• Work item
What you produce should match the records below precisely, except that images are removed.

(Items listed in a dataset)
_ _ _ _

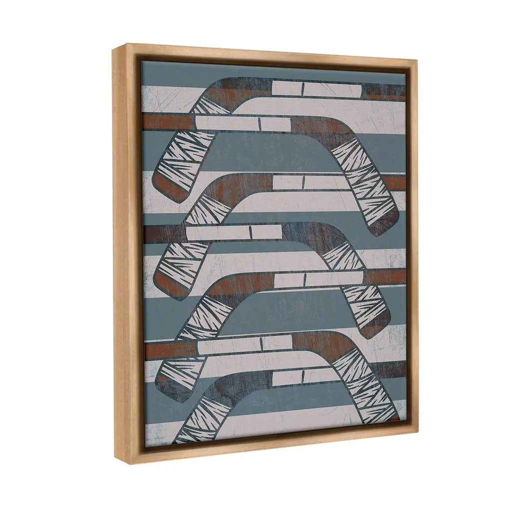 Elevate your home or office to the next level with Stupell Framed Floating Canvas Wall Art. Our premium hand-stretched canvas is mounted securely into a sturdy lightweight frame. The museum-style gap between the wrapped canvas and the box frame gives the illusion of floating artwork. Stupell Wall Art is made in the USA.Features: Dimensions: 17 x 1.7 x 21 Frame, 16 x 1.5 x 20 Canvas ArtFloating Frame Canvas Products are available in sizes 17"x21" and 25"x31". All Floating Frame Canvas Products have a 1.7" Depth.Wall Art is Ready to Hang with Hardware Free Hanging. No Installation required. For Easy Set Up Lean or Layer Artwork on Shelf or Against Wall. Artwork is Permently Fixed into the Frame.Our elevated 1.7" Thick Floating Frame is the perfect complement to our canvas style Wall Art. We use only the highest quality inks in house with industry leading printing solutions. Canvas is hand stretched over a durable wood foundation and then mounted securly into a Modern Box Frame. Made in the USA.Artwork Relates To: Sport, Hockey, Hockey Stick, Equipment, Shape, Pattern, AbstractDesign by Lil' Rue
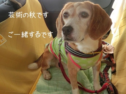 お天気が久しぶりに回復しました。午後、ふうちゃんのママの所属している芸術の作品展を見に出かけてみることになりました。「カンちゃんも是非!」と言ってもらったのでカンちゃんも久しぶりに遠出だよ。おばあちゃんも一緒だよ。カンちゃんはお外で待つだけだけど。と連れて行ったんだけど なんと!!いいのいいのと、作品展のひと(ふうちゃんママのご主人)がリードを持って連れて入りましたいいよいいよ。と言われても、私の心臓が止まってしまうよぉ。大作の並ぶエリアを歩くカンちゃん。台の上を気にするそぶりしてるし。「うわぁ~これ(ふうちゃんママの作品)割っちゃったらどうする~!!」というと「あぁ~これは良いよ」って。|* ̄∇ ̄|イイワケナイデショ というわけで会場のお外でふうちゃんママのご主人がカンちゃんと遊んで待っててくれることになりました。とにかくご機嫌のカンちゃん。足踏んでるよぉ~作家の偉い先生にもご挨拶。がっちりお手手を掴んで、握手もできたかな。 芸術の秋近し。カンちゃんは分かったのかどうか・・・だけど良いものを見せていただきました。 ヒヤヒヤした母ちゃんに↓押してね↓にほんブログ村
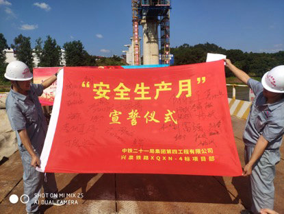 近日,中鐵二十一局四公司興泉鐵路4標(biāo)項目部全體職工在琴江特大橋舉行了2019年“安全生產(chǎn)月”及“安全生產(chǎn)萬里行”活動宣誓及簽字儀式。
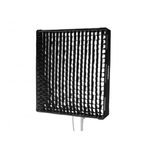 Das Softbox-Grid besteht aus 2 Teilen und einer Transport-Tasche. Mit nur wenigen Handgriffen ist es über eine Klettverbindung in die Softbox eingebaut.
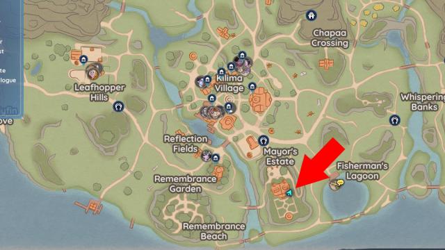 The first fishing spot that we like to hit up is the tiny pond in the Mayor’s Estate, especially if we’re short on cash and don’t have any bait. Head inside the estate, then go out the backdoor to reach the backyard garden. As soon as you enter the garden, turn to your left to find the tiny pond. Here is the exact location:
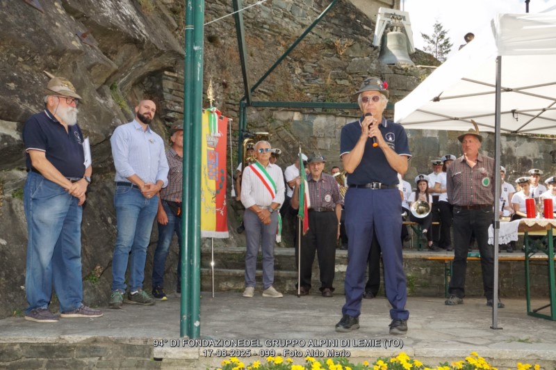 Hanno partecipato all’annuale incontro i rappresentanti di 24 Gruppi Alpini con i relativi Gagliardetti che dopo l’Alzabandiera si sono schierati all’ombra del roccione che dalla piazza del paese si innalza sino al sagrato della chiesa parrocchiale. Successivamente all’Alzabandiera don Domenico Veglio ha celebrato la Santa Messa ove sono stati ricordati gli Alpini “andati avanti”, con una memoria particolare a Giovanni Giacoletto, classe 1935 e per molti anni segretario del Gruppo, mancato a fine giugno. Dopo i saluti, il benvenuto e una breve introduzione da parte di Danilo Balagna Dena, segretario del Gruppo di Lemie, sono intervenuti il Sindaco di Lemie Daniele Gabriele, l’Assessore della Regione Piemonte Maurizio Marrone e il Consigliere di riferimento per la 7ª zona Marcello Melgara. In tutte le orazioni è stata sottolineata l’importanza degli Alpini soprattutto nei piccoli paesi dove si adoperano in fondamentali servizi di volontariato come la gestione di manutenzioni ai sentieri e aree verdi, l’organizzazione e conduzione di manifestazioni culturali, sportive e d’intrattenimento di abitanti e villeggianti: tutti complimenti apprezzati dagli Alpini che mai si “tirano indietro” quando si tratta di lavorare con orgoglio per la Comunità.
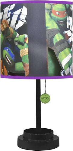Diseño apto para niños: ilumina una habitación con esta lámpara decorativa para niños diseñada con gráficos impresos de Teenage Mutant Ninja Turtles. Un tema divertido para añadir a la habitación de un niño, espacio de juego o área de estudio con esta lámpara de Tortugas Ninja. Diseño de calidad: compacto y relativamente ligero, proporciona la iluminación que necesita donde sus hijos duermen o juegan. Esta colorida lámpara de personajes temáticos cuenta con una base de metal y una pantalla impresa temática. PULL CHAIN: Esta lámpara de mesa está diseñada simplemente con una cadena de tracción. Esta lámpara utiliza un enchufe eléctrico para funcionar. Tira suavemente de la cadena para poner y quitar, una característica fácil de añadir. Tamaño correcto: esta lámpara de mesa mide 9 pulgadas de profundidad x 9 pulgadas de ancho x 18 pulgadas de alto, por lo que es perfecta para mesas auxiliares de cama, aparadores o escritorios. Un tamaño práctico ideal. ILUMINACIÓN Y FÁCIL CASRE: Se requiere una bombilla de 40 vatios para el uso de iluminación. No incluido. Limpiar con un paño para un fácil cuidado.

_ _ _ _

• Solution below
 Elevate your home or office to the next level with Stupell Framed Floating Canvas Wall Art. Our premium hand-stretched canvas is mounted securely into a sturdy lightweight frame. The museum-style gap between the wrapped canvas and the box frame gives the illusion of floating artwork. Stupell Wall Art is made in the USA.Features: Dimensions: 17 x 1.7 x 21 Frame, 16 x 1.5 x 20 Canvas ArtFloating Frame Canvas Products are available in sizes 17"x21" and 25"x31". All Floating Frame Canvas Products have a 1.7" Depth.Wall Art is Ready to Hang with Hardware Free Hanging. No Installation required. For Easy Set Up Lean or Layer Artwork on Shelf or Against Wall. Artwork is Permently Fixed into the Frame.Our elevated 1.7" Thick Floating Frame is the perfect complement to our canvas style Wall Art. We use only the highest quality inks in house with industry leading printing solutions. Canvas is hand stretched over a durable wood foundation and then mounted securly into a Modern Box Frame. Made in the USA.Artwork Relates To: Sport, Hockey, Hockey Stick, Equipment, Shape, Pattern, AbstractDesign by Lil' Rue
 お天気が久しぶりに回復しました。午後、ふうちゃんのママの所属している芸術の作品展を見に出かけてみることになりました。「カンちゃんも是非!」と言ってもらったのでカンちゃんも久しぶりに遠出だよ。おばあちゃんも一緒だよ。カンちゃんはお外で待つだけだけど。と連れて行ったんだけど なんと!!いいのいいのと、作品展のひと(ふうちゃんママのご主人)がリードを持って連れて入りましたいいよいいよ。と言われても、私の心臓が止まってしまうよぉ。大作の並ぶエリアを歩くカンちゃん。台の上を気にするそぶりしてるし。「うわぁ~これ(ふうちゃんママの作品)割っちゃったらどうする~!!」というと「あぁ~これは良いよ」って。|* ̄∇ ̄|イイワケナイデショ というわけで会場のお外でふうちゃんママのご主人がカンちゃんと遊んで待っててくれることになりました。とにかくご機嫌のカンちゃん。足踏んでるよぉ~作家の偉い先生にもご挨拶。がっちりお手手を掴んで、握手もできたかな。 芸術の秋近し。カンちゃんは分かったのかどうか・・・だけど良いものを見せていただきました。 ヒヤヒヤした母ちゃんに↓押してね↓にほんブログ村
 近日,中鐵二十一局四公司興泉鐵路4標(biāo)項目部全體職工在琴江特大橋舉行了2019年“安全生產(chǎn)月”及“安全生產(chǎn)萬里行”活動宣誓及簽字儀式。
 Das Softbox-Grid besteht aus 2 Teilen und einer Transport-Tasche. Mit nur wenigen Handgriffen ist es über eine Klettverbindung in die Softbox eingebaut.
 The first fishing spot that we like to hit up is the tiny pond in the Mayor’s Estate, especially if we’re short on cash and don’t have any bait. Head inside the estate, then go out the backdoor to reach the backyard garden. As soon as you enter the garden, turn to your left to find the tiny pond. Here is the exact location:
 Hanno partecipato all’annuale incontro i rappresentanti di 24 Gruppi Alpini con i relativi Gagliardetti che dopo l’Alzabandiera si sono schierati all’ombra del roccione che dalla piazza del paese si innalza sino al sagrato della chiesa parrocchiale. Successivamente all’Alzabandiera don Domenico Veglio ha celebrato la Santa Messa ove sono stati ricordati gli Alpini “andati avanti”, con una memoria particolare a Giovanni Giacoletto, classe 1935 e per molti anni segretario del Gruppo, mancato a fine giugno. Dopo i saluti, il benvenuto e una breve introduzione da parte di Danilo Balagna Dena, segretario del Gruppo di Lemie, sono intervenuti il Sindaco di Lemie Daniele Gabriele, l’Assessore della Regione Piemonte Maurizio Marrone e il Consigliere di riferimento per la 7ª zona Marcello Melgara. In tutte le orazioni è stata sottolineata l’importanza degli Alpini soprattutto nei piccoli paesi dove si adoperano in fondamentali servizi di volontariato come la gestione di manutenzioni ai sentieri e aree verdi, l’organizzazione e conduzione di manifestazioni culturali, sportive e d’intrattenimento di abitanti e villeggianti: tutti complimenti apprezzati dagli Alpini che mai si “tirano indietro” quando si tratta di lavorare con orgoglio per la Comunità.
Diseño apto para niños: ilumina una habitación con esta lámpara decorativa para niños diseñada con gráficos impresos de Teenage Mutant Ninja Turtles. Un tema divertido para añadir a la habitación de un niño, espacio de juego o área de estudio con esta lámpara de Tortugas Ninja. Diseño de calidad: compacto y relativamente ligero, proporciona la iluminación que necesita donde sus hijos duermen o juegan. Esta colorida lámpara de personajes temáticos cuenta con una base de metal y una pantalla impresa temática. PULL CHAIN: Esta lámpara de mesa está diseñada simplemente con una cadena de tracción. Esta lámpara utiliza un enchufe eléctrico para funcionar. Tira suavemente de la cadena para poner y quitar, una característica fácil de añadir. Tamaño correcto: esta lámpara de mesa mide 9 pulgadas de profundidad x 9 pulgadas de ancho x 18 pulgadas de alto, por lo que es perfecta para mesas auxiliares de cama, aparadores o escritorios. Un tamaño práctico ideal. ILUMINACIÓN Y FÁCIL CASRE: Se requiere una bombilla de 40 vatios para el uso de iluminación. No incluido. Limpiar con un paño para un fácil cuidado.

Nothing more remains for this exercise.